Zeke looked at him. “I get the impression this isn’t the first assignment of this type you’ve been on.”
Guy said nothing to that.
Zeke said, “The first impression you give is kind of ineffectual, but if you look below the surface…”
Guy Thomas shrugged and came to his feet. “You can trust me,” he said. “I’d better be getting back.”
“You’ve got a shooter, eh? You said you winged whoever it was tried to crisp you.”
“Yes,” I’m armed.”
“How’d you ever get it past those custom mopsies? They’ve got a reputation.”

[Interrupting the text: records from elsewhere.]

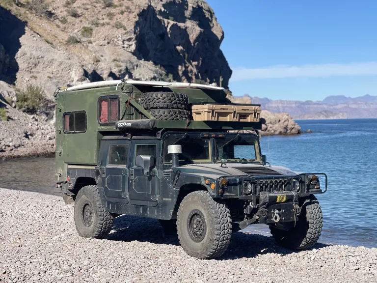 Rugged and Refined Hummer H1 custom Overlander professionally built to travel off road and the world class trails and most beautiful beaches of the Baja Peninsula. Fitted with all the equipment needed to be comfortably off the grid for days. Sleeps a family of 4 - two adults and two kids. Seats four with seatbelts. Fitted with state of the art dry flush toilet, vehicle and camper A/C, hot water outdoor shower, running water sink, solar power system and recovery equipment.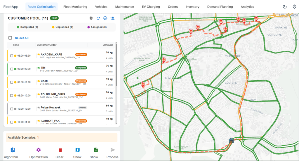 In conclusion, this study presents a flexible and robust framework that integrates route optimization, fleet tracking, and traffic analysis under a single structure. The proposed system enhances the reliability of last-mile delivery services while also improving operational visibility and control. Future research will focus on enriching the system with live traffic feeds, more comprehensive dynamic event management, and broader real-world deployment scenarios, further strengthening its applicability in urban logistics.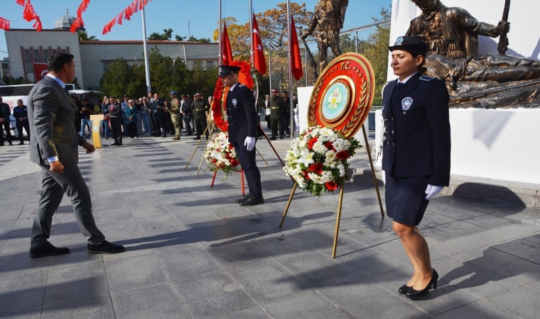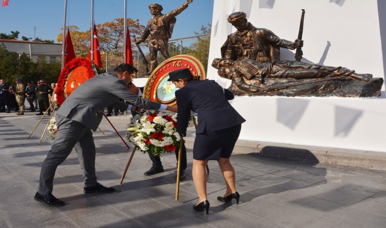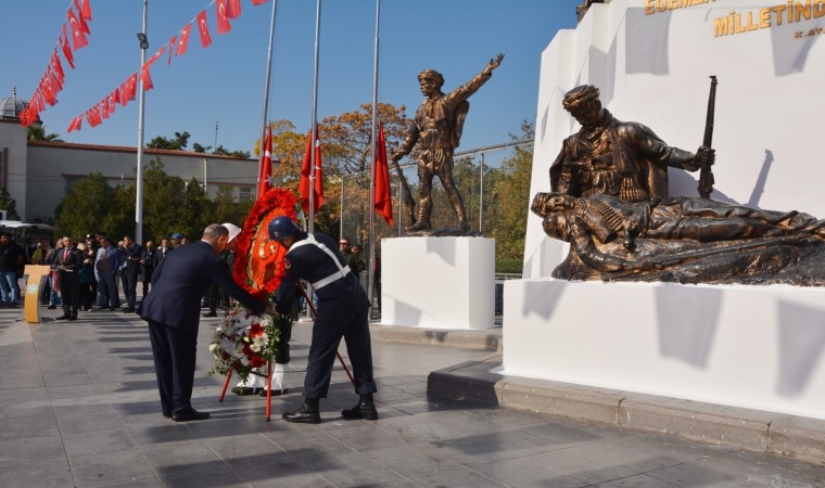 Manisa Valisi Vahdettin Özkan, Garnizon Komutanı 1’inci Komando Eğitim Tugay Komutanı Piyade Albay Cengiz Güven ve Manisa Büyükşehir Belediye Başkanı Ferdi Zeyrek tarafından anıta çelenk sunuldu.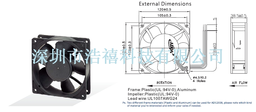 | 120x120x38(ad-f) | AD1212HB-F9BGP(FM) | ◎ | 12 | 1.62 | 4300 | 199.73 | 0.625 | 61 | |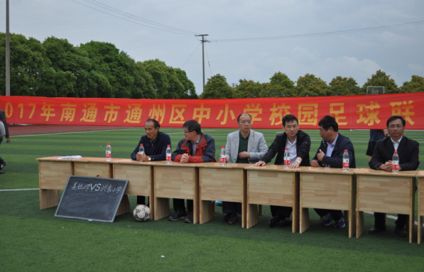 5月2日下午,2017年通州区小学组校园足球联赛决赛在姜灶小学举行,兴东小学和姜灶小学两支足球队进入决赛,区教育局局长张进荣为比赛开球。区体育局局长助理陈克、基教科虞益新老师、通南片督导组分管领导与近千名师生观看了本场决赛。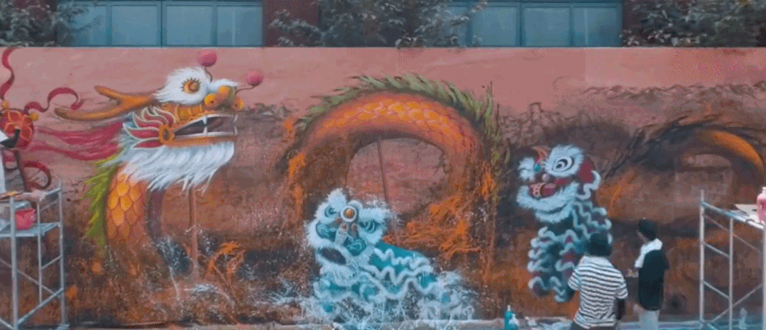 两头怒目圆瞪的大狮子,一条长达百米的巨龙盘旋其中,远处是青山和大鼓,青山、巨龙、舞狮,层层绘于墙面之上,超有立体感。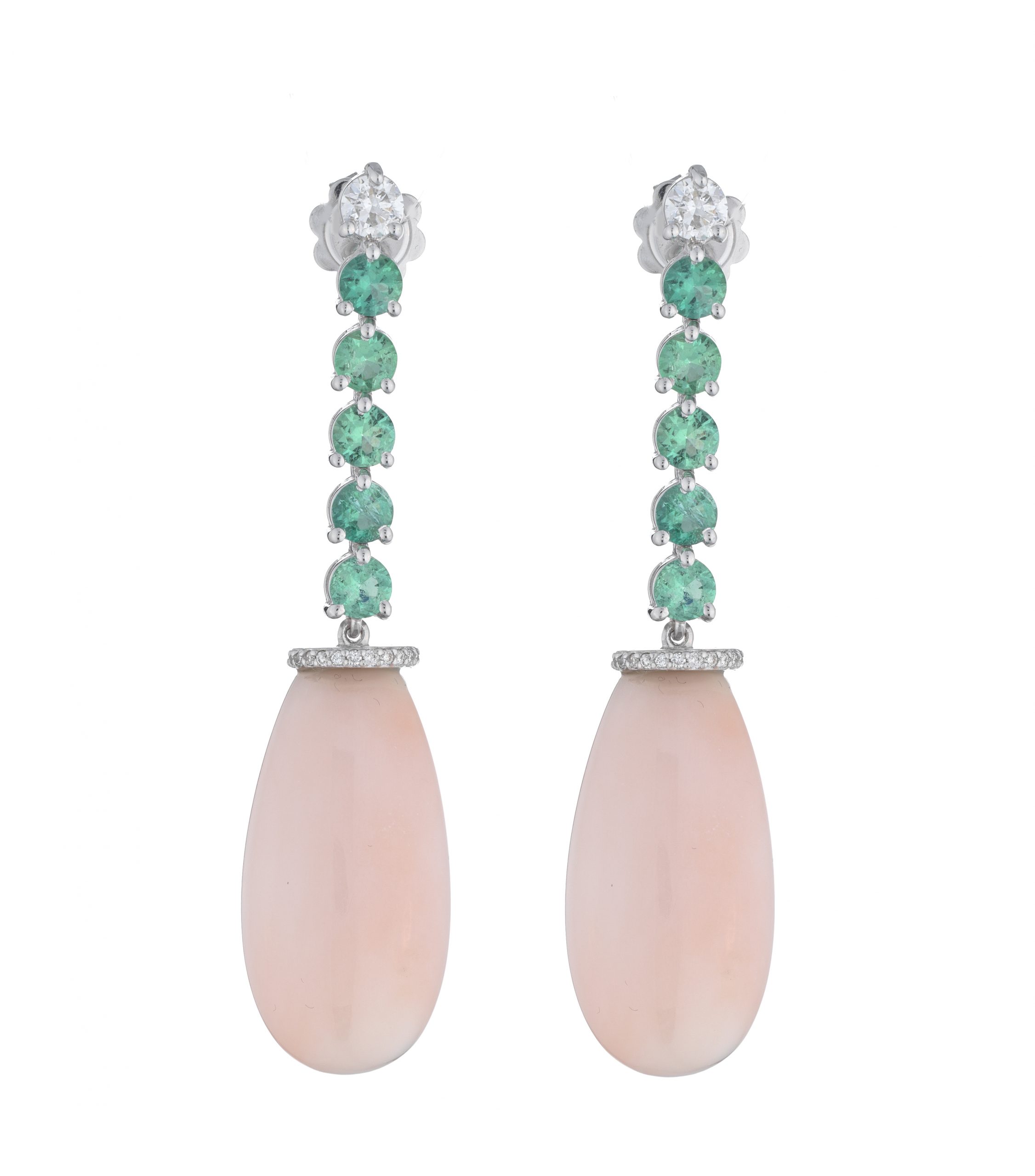 Orecchini in oro 18 kt, corallo rosa, diamanti e smeraldi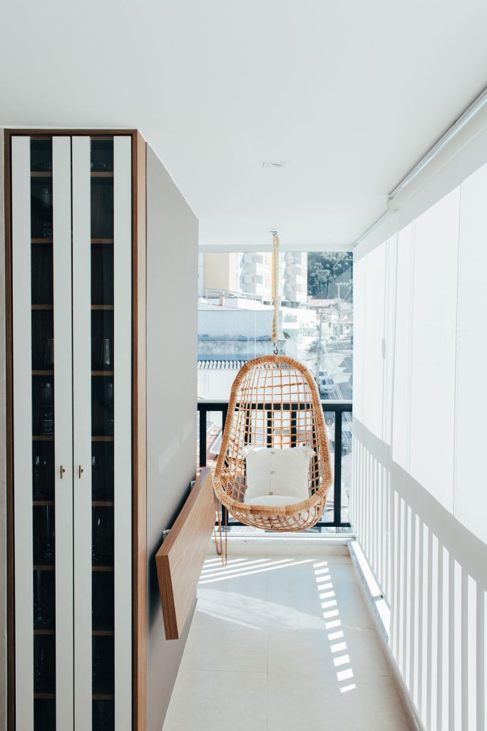Aqui usei tons claros e muitos detalhes em madeira. A inspiração principal dos clientes foi um hotel em uma cidade de praia que visitaram, e queria recriar de alguma forma aquela atmosfera.

“We’ve got ways,” Guy said shortly.
Zeke saw him to the door.
Before leaving, Guy said, “How many men do you have in your organization, Zeke?”
The other hesitated. “Active? Thousands, tens of thousands. I mean real members of the Sons of Liberty. But inactive sympathizers who’ll rally round when the time comes? At least half the population. Half the men, that is.”
Guy said slowly, “How many of them are like Teucer?”
Zeke scowled, uncomprehending. “What’s the matter with Teucer?”
Guy said, “He’s not the most educated type in the world, and he’s on the emotional side. I’ve seen revolutionary organizations before, Zeke. In the clutch, you want…”
“Aw, Teucer’s all right. You got to get used to him.”
“How many have you got like Teucer?” Guy repeated. Zeke rubbed the bottom of his chin with a beefy paw. “Too many,” he growled. He opened the door for the Octagon operative. “He’s from Lybia,” he added. “On the run from the police over there. We’re hiding him out temporarily, till we can figure where to use him.” As a safety measure, Guy took a different route home, and covered the distance considerably more cautiously than he had in coming.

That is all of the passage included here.